IBM researchers have redrawn bus routes of a major African city, using mobile phone call data
IBM researchers have conducted a ‘big data‘ exercise that allowed them to redesign bus routes in the African city of Abidjan, the largest city in the Ivory Coast.
The project is noteworthy because IBM redrew the bus routes for more efficiency by analysing mobile phone datasets of millions of people whilst they were on the move.
The thinking is that this type of data analysis will in future allow city and urban planners to better design infrastructure projects within cities.
The IBM project was carried out as part of the ‘Data for Development‘ competition, a research challenge sponsored by the mobile operator Orange. Normally, mobile operators tend not to allow outsiders to view their data, but in this case Orange gave IBM access to over 2.5 billion anonymous call records of five million mobile phone users in Abidjan.
According to the BBC, the anonymised data is the largest of its kind ever released.
It should be noted that the data provided was not the highly accurate GPS data (smartphone uptake in Africa tends to be more limited compared to conventional handsets), but rather the less accurate ‘call data’ that is captured when a mobile phone user connects to a nearby cell tower.
However, this call data did provide IBM researchers with enough information to allow them to redevelop optimised urban transportation routes in that city.
Like many African cities, Abidjan does not have a mass transit system. Instead, the population relies on approximately 539 large buses, as well as 5,000 minibuses and 11,000 shared taxis, in order to get around the city.

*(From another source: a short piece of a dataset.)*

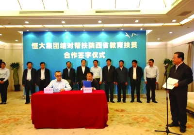 今年5月9日,恒大集團(tuán)結(jié)對幫扶陜西教育扶貧合作簽字儀式在陜西省政府舉行。恒大集團(tuán)表示,將無償捐贈10億元,用于支持陜西省30多個貧困縣、區(qū)的中小學(xué)、幼兒園建設(shè)。項目計劃在三年內(nèi)分期分批組織實施。

Despite this lack of structure, IBM researchers used analytics software on the datasets to determine that two additional bus routes needed to be added. It also recommended that an existing route should be extended.
“We found that we could reduce the travel times of people by 10 percent across the city,” Olivier Verscheure, senior scientist at IBM’s research laboratory in Dublin, said.

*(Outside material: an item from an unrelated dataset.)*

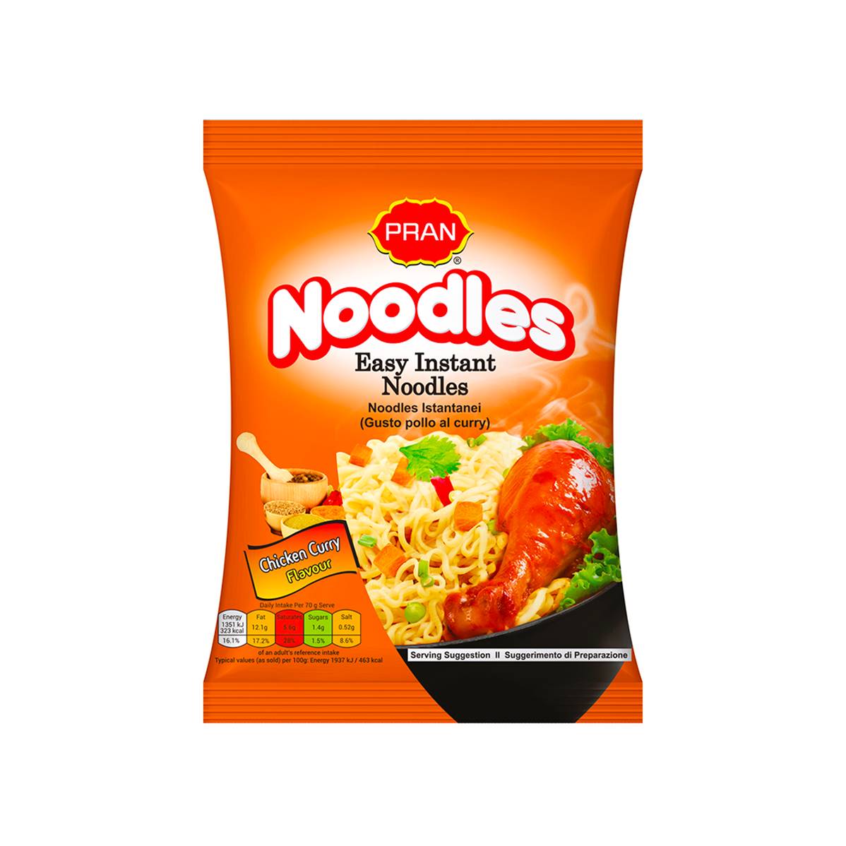 Les nouilles instantanées à l'arôme spécial poulet de la marque Pran sont un produit alimentaire populaire dans de nombreuses régions du monde, notamment en Asie. Ces nouilles sont fabriquées à partir de farine de blé et de sel, et sont pré-cuites pour faciliter leur préparation rapide.

And Verscheure was keen to highlight the other potential uses of such large dataset analysis.
“If we could have merged the telco data with city data, such as the bus timetables we could have the potential to completely change the existing network,” he said. This would allow urban planners to more accurately plot where best to implement bike-sharing schemes, or electric vehicle charge points.

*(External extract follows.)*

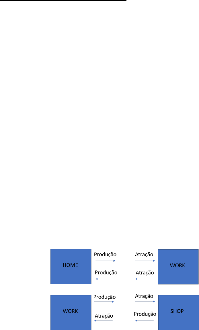 Exercício de modelagem 4 etapas: Algumas definições se tornam importante para o entendimento e uso de modelos de planejamento de transporte: Viagem – É um deslocamento de um sentido com um ponto de origem e um ponto de destino. Esse deslocamento pode ser feito por qualquer modal. Deslocamentos a pé com distância inferior a300 metros têm sido ignorados como também os feitos por crianças com idade inferior a 5 anos. Entretanto, essas últimas considerações estão se modificando devido a importância dada ao transporte ativo (não-motorizado) e a novos requisitos de entendimento das atividades com o objetivo de um plano de mobilidade mais sustentável. Viagens Home-based (HB) – São aquelas onde o domicílio do viajante é origem ou destino da viagem (H2W, W2H,H2O,O2H). Viagens Non-home-based (NHB) – São aquelas onde o domicílio não é nem origem ou destino da viagem. Viagens produzidas – São definidas como viagens que chegam ou saem de um domicílio nas viagens HB ou como as viagens que saem de um equipamento urbano nas viagens NHB. Viagens atraídas - São definidas como viagens que chegam ou que saem de um equipamento urbano nas viagens HB ou como as viagens que chegam em um equipamento urbano nas viagens NHB. Essas definições ficam ilustradas a seguir: fig(1) Das viagens HB, buscou-se informações sobre as viagens HW (H2W e W2H), pois essas viagens totalizam por volta de 70% das viagens urbanas diárias. Aplicando esses conceitos, considere uma área de estudo dividida em 5 zonas apresentada a seguir com seus centróides, distâncias e velocidades médias interzonais: Uma fig(2) Busca-se: 1. Determinar as viagens geradas/atraídas com origem ou destino em casa (viagens H) correspondentes a viagens HW (Home-Work). 2. Determinar as viagens geradas/atraídas com origem ou destino no local de trabalho (viagens W) correspondentes a viagens HW (Home- Work). 3. Determinar o número total de viagens realizadas com origem na zona j ( borda vertical) e com destino na zona k ( Borda horizontal) (H e W). 4. NOTA: São calculados os valores totais, para um determinado período ou para as horas de pico. Em resumo, o objetivo deste exercício é determinar as viagens originadas e destinadas das 5 zonas da área de estudo (bordas externas para o pico da manhã) representadas na matriz de viagens abaixo, através do método de análise de regressão, cujas as informações que comporão as fórmulas desta etapa são obtidas em pesquisas domiciliares e nos postos de trabalho. Procedimento (1): Determinar as viagens geradas/atraídas com origem ou destino em casa (viagens H) correspondentes a viagens HW (Home-Work). 1º Etapa – Pesquisa O/D de viagens Realização de pesquisa nas famílias (amostra representativa) sobre os seguintes aspectos: a) o número total diário de viagens baseadas em casa (H) durante o dia; fig(3) b) a proporção de viagens H no período p no total diário de viagens H (𝜏Hp); No total de viagens realizadas durante um dia do tipo H, há uma proporção dessas viagens que se realiza no período p. Por exemplo no período de pico ou na hora de pico da manhã. c) a proporção de viagens H com origem na habitação realizadas num determinado período p do dia (𝜃p); No período da manhã o mais natural é que este valor 𝜃p seja alto já que é nesse período que a maioria das pessoas se desloca para o trabalho. fig(3) d) dimensão da família entrevistada (número de membros); e) número de pessoas ativas (em idade de trabalhar) e população em idade escolar; f) número de automóveis; 2º Etapa - Determinação das viagens H com origem e destino em cada zona no período p • Número de viagens H em cada zona em todo o dia: jjH FXXXV jjj 332211 Onde: VHj: número médio diário de viagens H por zona. X1j, X2j, X3j: valores médios para x1 , x2 e x3 na zona j Fj : número de famílias residentes na zona j • Número de viagens H produzidas no período p tendo como origem e destino habitações da zona j: jj HHpHp VO • Número de viagens H produzidas no período p tendo como origem habitações da zona j jj HHppHp VHO )( Resumo: jj HHppHp VHO )( Procedimento (2): Determinar as viagens com origem ou destino no local de trabalho (viagens W) correspondentes a viagens HW (Home-Work). 1º Etapa – Pesquisa O/D de viagens Realização de pesquisas no local de trabalho ao número de viagens atraídas/geradas em zonas representativas da área de estudo. a) o número total diário de viagens durante o dia (W) b) a proporção de viagens no período p no total diário de viagens W (𝜏Wp) c) a proporção de viagens W com destino no trabalho realizadas num determinado período p do dia (p) No período da manhã o mais natural será que este valor p seja alto já que é nesse período que as pessoas se deslocam para o trabalho e não tanto o contrário. Naturalmente 1- p será a proporção de viagens W que têm origem no trabalho no período p. k HHpp k Hp VHD 1)( d) Número total de postos de trabalho na zona j e) Número de postos de trabalho de cada categoria: terciário, industrial, etc … f) Outras opções podem ser o número de m2 de área de escritórios, área comercial, etc … 2º Etapa - Determinação das viagens com origem e destino em cada zona no período p • Número de viagens W por cada zona em todo o dia jj XXV jW 2211 Onde: VWj: número médio diário de viagens W por zona. X1j, X2j: valores das variáveis para x1 e x2 na zona j. • Número de viagens W realizadas no período p tendo como destino o emprego na zona k kk WWppWp VWD )( • Número de viagens W realizadas no período p tendo como origem o emprego na zona k Resumo geral: A área de estudo representada esquematicamente na figura abaixo é constituída por cinco zonas, A, B, C, D e E, e possui duas zonas externas, Norte e Sul. Uma pesquisa efetuada com 20 famílias residentes nessa área forneceu a informação constante do Quadro 2. Zona Residentes Famílias Auto p/ fa

“Analysis of public transport and telco data would show how people move in a city and allow planners to create a bike sharing infrastructure from scratch, for example,” said Verscheure. “It is about understanding how people use a city, their movements and the digital signatures left by public transport to optimise the city’s infrastructure.”
The IBM project was presented to the Data for Development conference on 1 May, at Massachusetts Institute of Technology.
It neatly ties in with IBM’s ongoing campaign for smarter cities, and IBM is hoping to implement similar projects in other cities.